Me gustaría no tener nada que perder.

Madre, me pica el pie.
Madre, déjate
la piel.

EL MILAGRO DE LA EDUCACIÓN

Por ser dispositivo me criticaron
profesores y alumnos.

Me
llamaron gamberro,
español sin fundamento.

Me dijeron.
Nos gusta de ti que no eres andaluz.
Nos has encantado mucho
.

Pero ellos se quedaron allí.
Y yo me marché tan lejos como pude.
Ahora trabajo en Gallega de Patatas, de turno de noche.
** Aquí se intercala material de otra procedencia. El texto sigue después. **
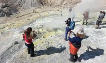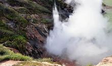 After getting to the hot springs we settle in tourist huts. Then we rest, have lunch, walk around and bathe in the springs. After dinner we spend the night in the huts.

Cuando me quedo absorto mirando fijamente
a esos tubérculos no veo patatas,
veo catedráticos.

El milagro de la educación.

DICE UNA SEÑORA

Mira
el plano general.
Enciende la radio en un túnel.
Mira, alguien ha tenido la decencia
de vomitar de color
azul.

Mira esa chica que se despide.
Parece que lo hace agitando un ramo de rosas rojas pero no.
Lo hace agitando un paraguas rojo.

A veces las cosas no son lo que parecen.

El tiempo es un banco blanco, eso ya lo sabes.
Un pelo de la cabeza de marca páginas, un dedo cortado.
Yo creo que todos acabaremos de oferta
en un supermercado de barrio.

Me gusta saber a qué sabe.
Dice una señora.

No hay camposanto para tantos.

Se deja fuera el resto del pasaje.